To advance research on students' perceptions of AI feedback, this initial exploratory study within a larger research project first examines whether students in an AI feedback group correctly detect the feedback source (RQ1a) and whether this relates to the presentation order (RQ1b). Second, it is investigated whether students’ perceptions of feedback differ by source (RQ2). Third, the congruence between human- and AI-based feedback scoring is analyzed (RQ3).
This study was conducted in three parallel seminar groups in the teacher education Master’s program, in which 78 students were enrolled.
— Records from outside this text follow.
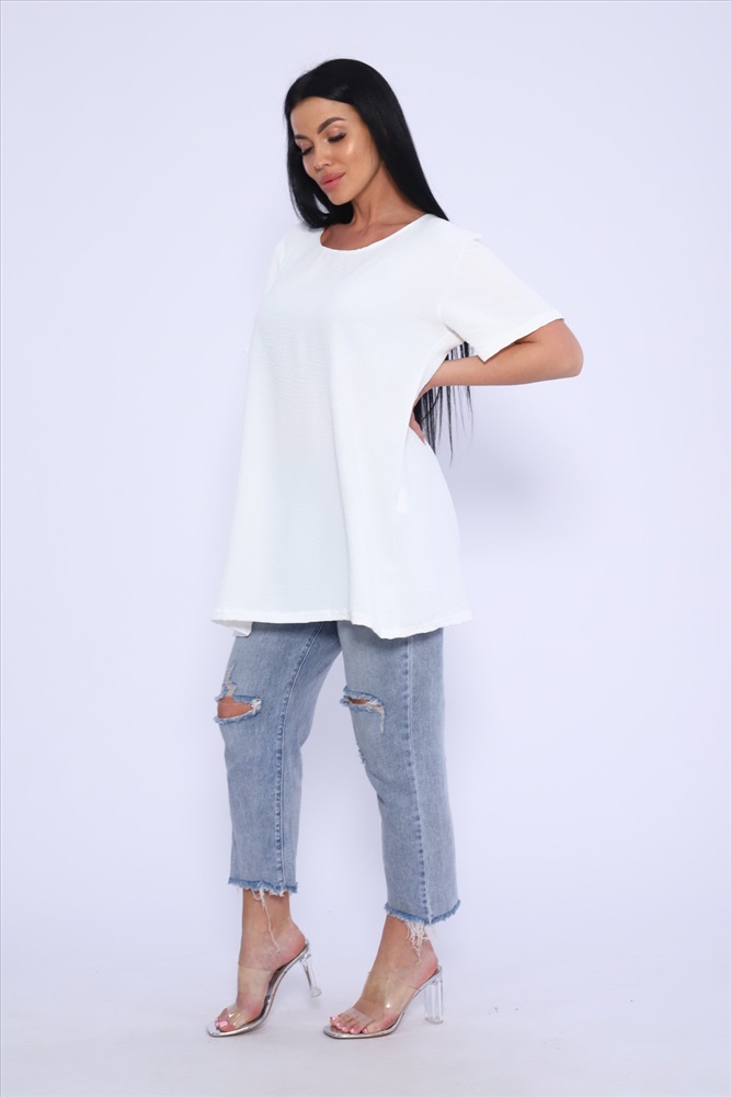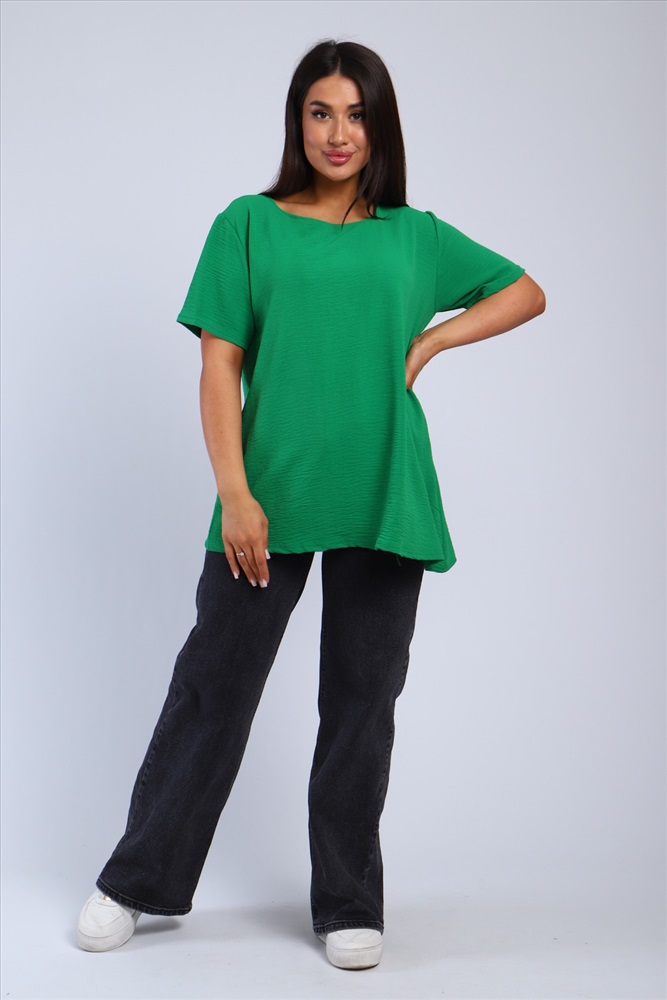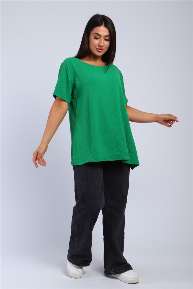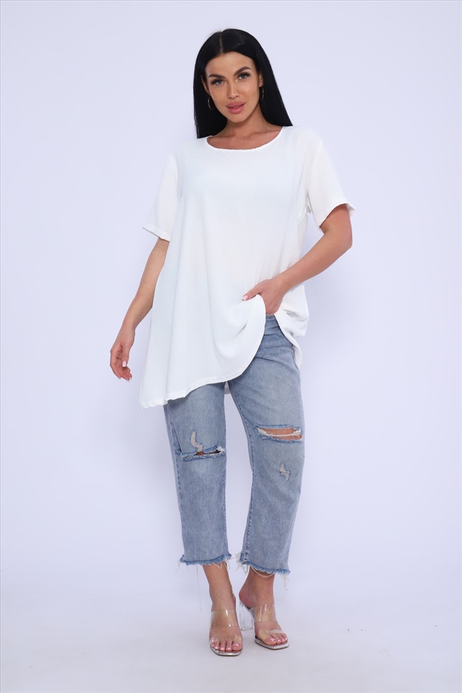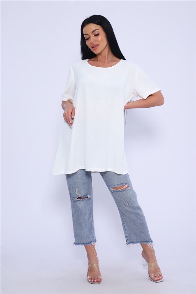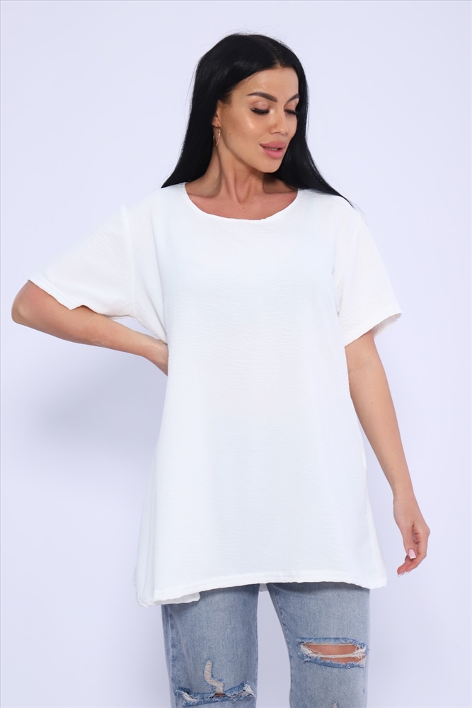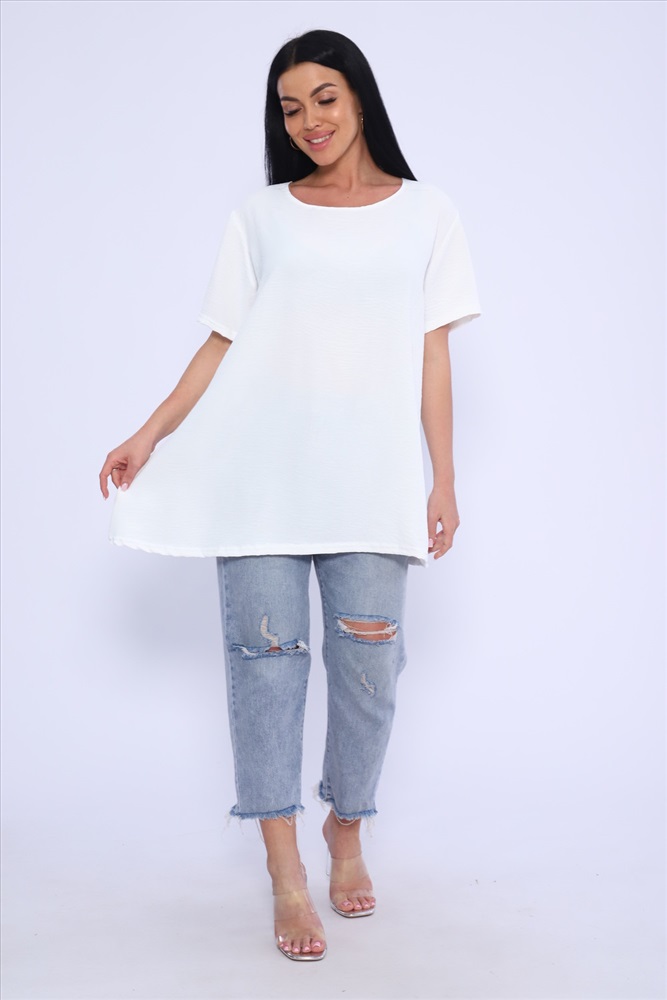 Застежка: без застежки Туника удлиненная женская свободного кроя. Изделие имеет фигурный низ, А-силуэт, короткий рукав и округлая горловина. Туника выполнена из сингапура - легкой и приятной летней ткани. Такая модель подойдет для повседневной носки, как и по дому, так и на улице.
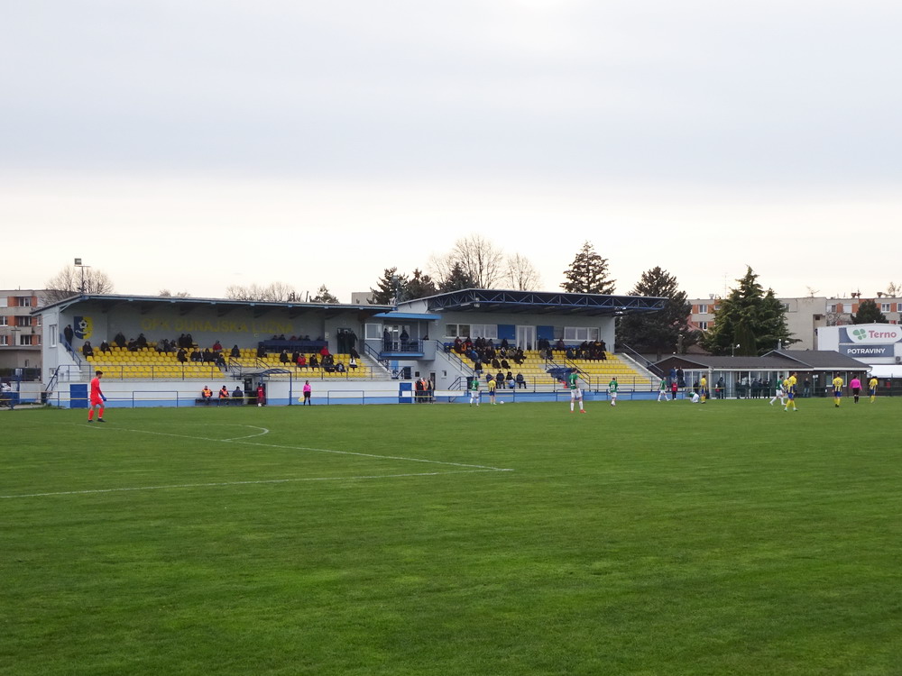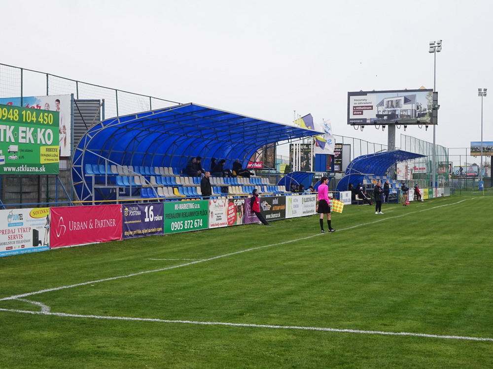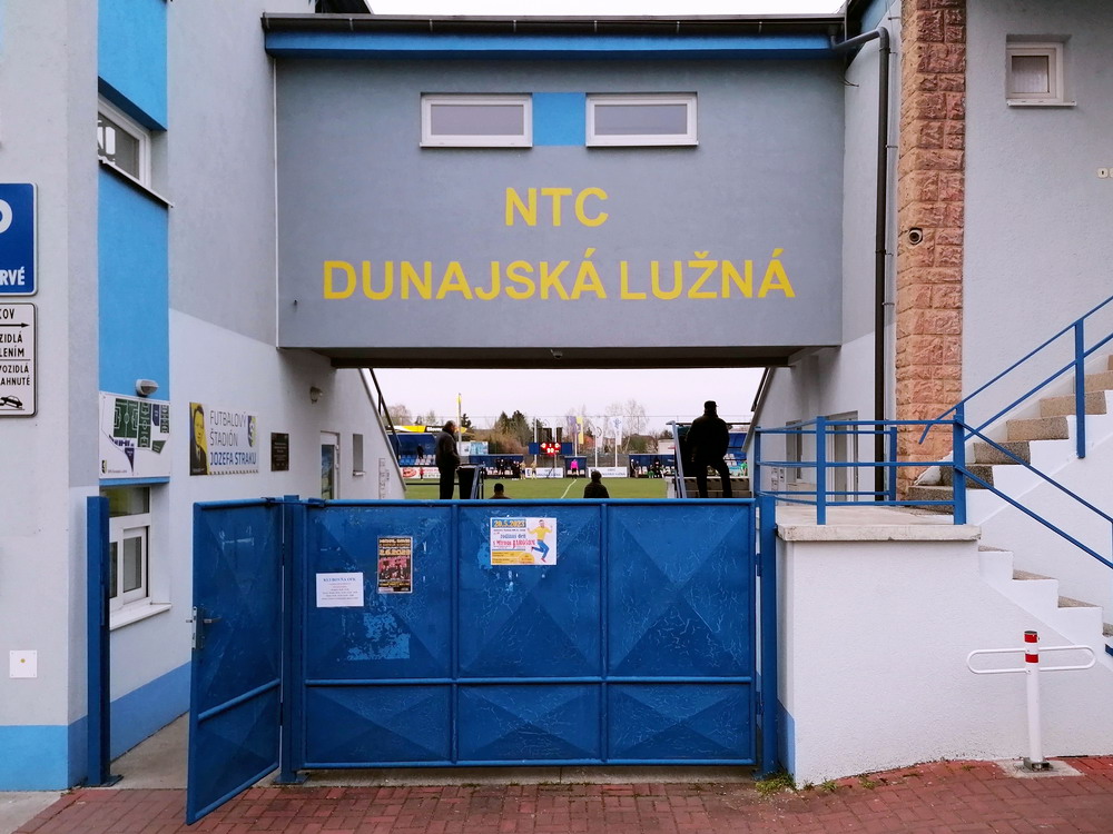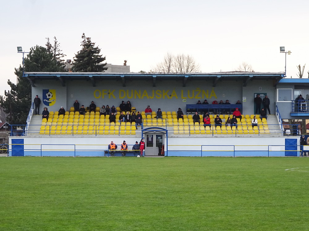 Nach Rückgabe des Mietwagens am Budapester Flughafen, brachte mich der Flixer nach Bratislava und die Regionalbahn von dort noch fünf Stationen raus nach Dunajska Luzna. Vom kleinen Bahnhof aus war es noch ein gutes Stück Fußweg, aber auf die Sekunde war ich zum Anstoß im kleinen Stadion. Der Aufwand war für ein Spiel der vierten slowakischen Liga insgesamt natürlich hoch, aber um am heutigen Tage ein Spiel sehen zu können, war es auf dem Weg nach Norden die einzig sinnvolle Option – soweit man hier diesen Begriff hier noch nutzen darf. Das Stadion zeigte sich mit zwei gemauerten Tribünen auf der einen und zwei Stahlrohr-Kunststoff-Modulen auf der anderen Seite ganz brauchbar. Auch das Spiel war erstaunlich gut anzuschauen. Fehlende Tore und der kalte Wind machten das ganze dennoch zu einer zähen Angelegenheit und ich war dankbar als endlich der Schlusspfiff ertönte. Nach dem Spiel nahm ich denselben Weg zurück nach Bratislava und von dort den Eurocity Budapest-Praha bis zum Nachtlager im tschechischen Breclav.
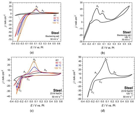 According to the Pourbaix diagram of iron [17,24] and the well-known electrochemical behavior of iron in alkaline solution [11,25,26,27,28,29,30], the anodic peak A1 at −0.08 V vs. Pt for steel in 23 M NaOH (Figure 2c,d) was identified as the oxidation of Fe to Fe(II) [28,29,30]. This is in agreement with the reaction that is given in Equation (1). The peak A2 at around 0.1 V vs. Pt in blackening salt solution and in the range of 0.06 to 0.16 V vs. Pt in sodium hydroxide corresponds to the oxidation of iron hydroxide to magnetite that is in correspondence to the Schikorr reaction (Equation (3)) [11,27,28,29]. Magnetite is finally oxidized to iron(III) oxide at peak A3 [11,27]. Furthermore, the two cathodic peaks of C2 and C3 are observed for nitrite-free solutions (Figure 2c,d). They correspond to the related oxidation peaks A2 and A3 [29]. Measurements that were obtained with blackening salt solution (Figure 2a,b) only exhibit the anodic peaks A2, A3, and the hydrogen evolution regime. It is noteworthy that the current and charge densities for sodium hydroxide solution are approximately twice as large as those that were measured with blackening salt.
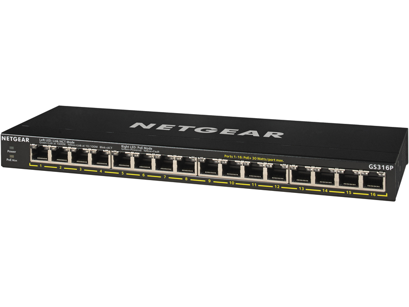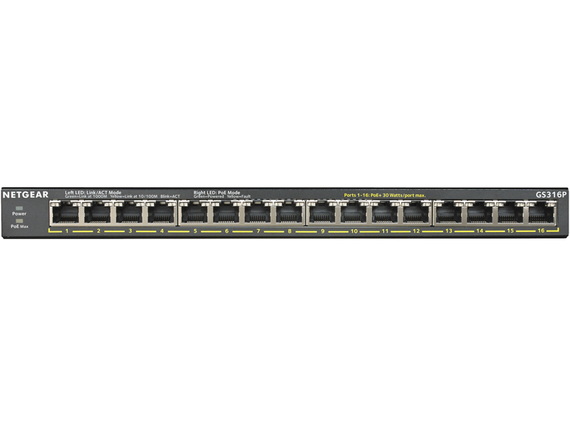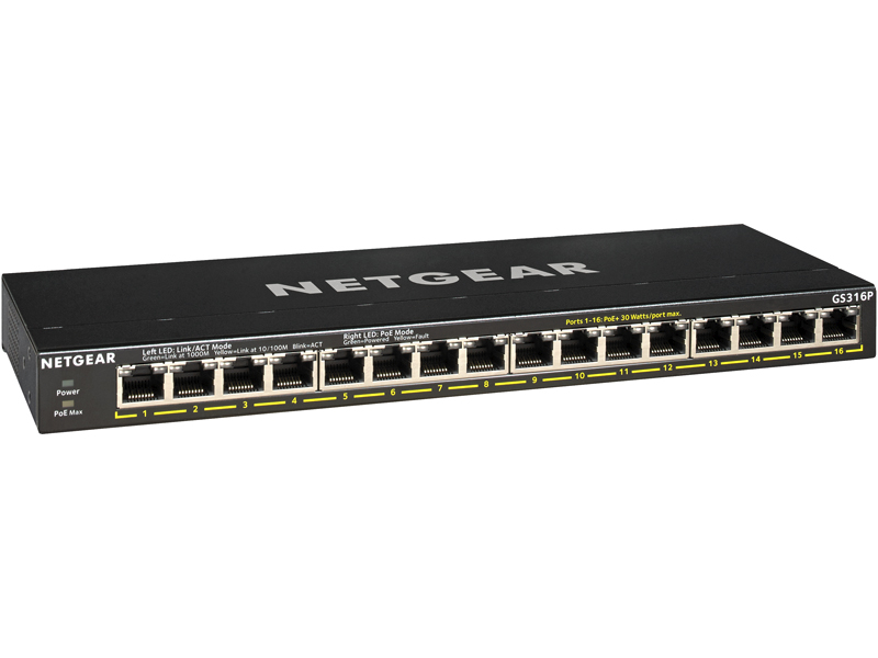 小規模オフィスや家庭内ネットワークでも、設定不要ですぐに使えるアンマネージスイッチ。PoE+給電に対応し、1ポートあたり最大30W、筐体全体 (1~16番ポート) で115Wを給電。また「GS316P」はFlex PoEに対応。別売りの電源アダプター(EPS200W-100JPS)に変更することで、最大183Wの給電容量をサポート。製品に壁掛けキットが付属しているため、設置のための追加キットの購入が不要。デスクトップサイズの省スペース+ファンレス設計により、長机の下からデスクトップまで、どこに置いても場所をとらずフレキシブルに設置可能。セキュリティカメラや無線APなどのPoE+受電機器をLANケーブルで給電することにより、電源ケーブルの配線に囚われないネットワークの構築が可能。製品保証3年・有償延長最大5年
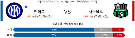 세리에A 2월 21일 02:00 인터 밀란 : US 사수올로 칼초
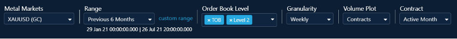 A look at CME Group Metals futures order book volume for the selected order book levels.
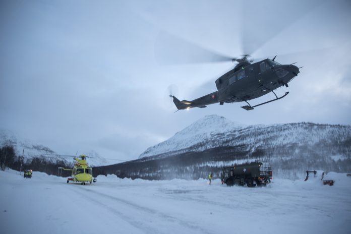 Med hjelp fra Luftforsvarets 330-skvadron starter politiet søket etter de antatt omkomne i skredområdet i Tamokdalen i Troms natt til onsdag.
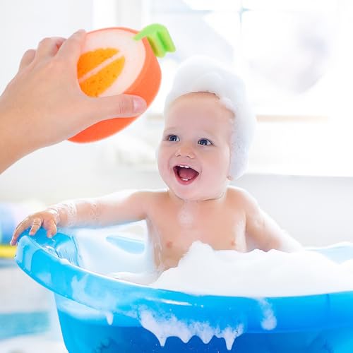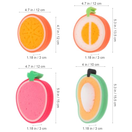 Healifty - مجموعة إسفنجات استحمام لطيفة على شكل فاكهة - مانجو وشمام وبطيخ وبرتقال وفراولة - مادة إسفنجية - نمط مرح - أدوات استحمام للأطفال من هيلفتي، 4 قطع
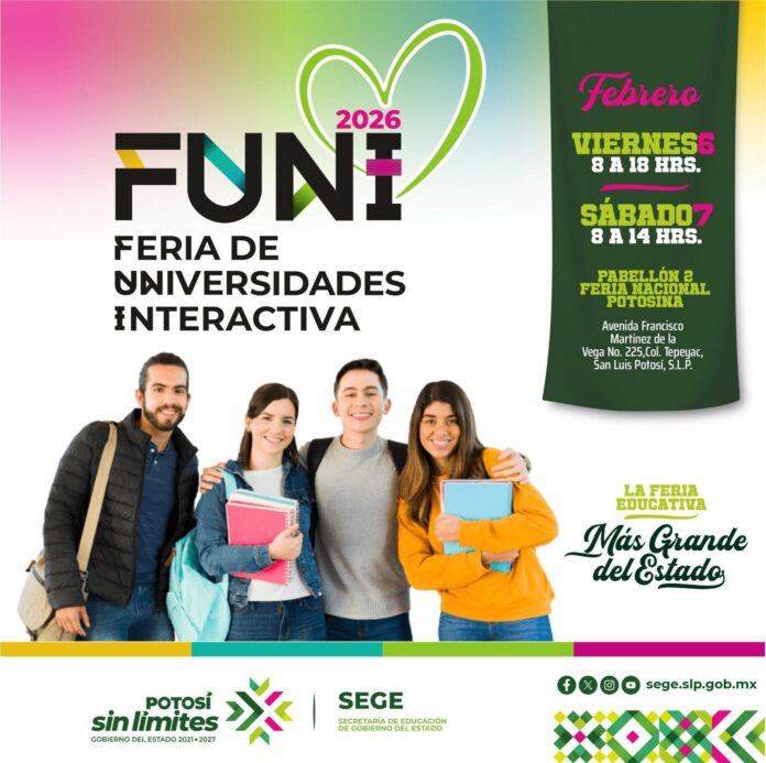 La educación tendrá un papel central con la Feria de Universidades Interactiva (FUNI) 2026, organizada por la Secretaría de Educación de Gobierno del Estado (SEGE), que se realizará el viernes 6 y sábado 7 de febrero en el Pabellón 2 de la Fenapo, acercando a las juventudes la oferta educativa más amplia del estado, mientras que la cultura y la tradición se vivirán con el Día Nacional del Auto Antiguo el domingo 22 de febrero.
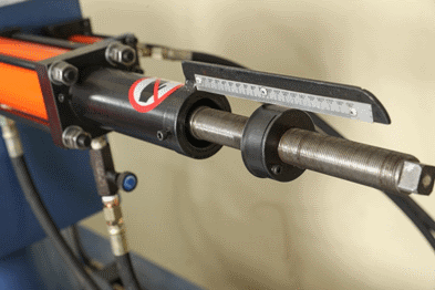 Задача угла гиба Угол гиба задается также механически путем поворота ограничителя хода гидравлического цилиндра на каждой из голов, там же интегрирована линейка с градацией. |

The N = 65 participating students (73.8% female) were M = 24.65 (SD = 3.04) years old and had studied on average for 10.51 semesters (SD = 2.45).
Students had to write a research project exposé (500 words). Students signed themselves up for the AI-feedback group (n = 38) or the human-feedback group (n = 27). The AI-group received feedback from the lecturer (rubrics and short text), plus AI-feedback with values assigned to extended rubrics. To avoid an order effect, students randomly received either human or AI feedback first. The human-feedback group only received the lecturer's feedback. The feedback rubrics included six categories and three measures (0 = not fulfilled, 0.5 = partly fulfilled, 1 = fulfilled; see Table 2). Students received the feedback three days after the submission deadline or one week later, depending on their participation in the course.
To assess students’ feedback perceptions, the Feedback Perceptions Questionnaire (FPQ; Strijbos et al., 2021; 16 items, 5-point Likert scale) was adapted. The 16 items were rated on a 5-point Likert scale (1 = fully disagree, 5 = fully agree). For the subscales, Cronbach’s α ranged from .71 to .93. Students in the AI-feedback group were asked whether the feedback was AI-generated. Furthermore, participants stated demographic details (e.g., semester studied, age, and current grade point average).
The AI feedback tool is designed to support teachers by automating the process of providing criteria-oriented feedback on student submissions. The tool analyzes students' text submissions using predefined analytic rubrics, leveraging natural language processing and machine learning, including large language models' capabilities.
The system is composed of three main components. First, a feature extraction pipeline processes student submissions, converting them into numerical indicators based on linguistic and contextual criteria. This step ensures that the model can quantitatively assess different aspects of the student’s submission. Second, the training process involves a machine-learning regression tree model that learns from historical student submissions and teacher-provided ratings. Third, the prediction component applies the trained model to new student submissions to predict rubric-based ratings.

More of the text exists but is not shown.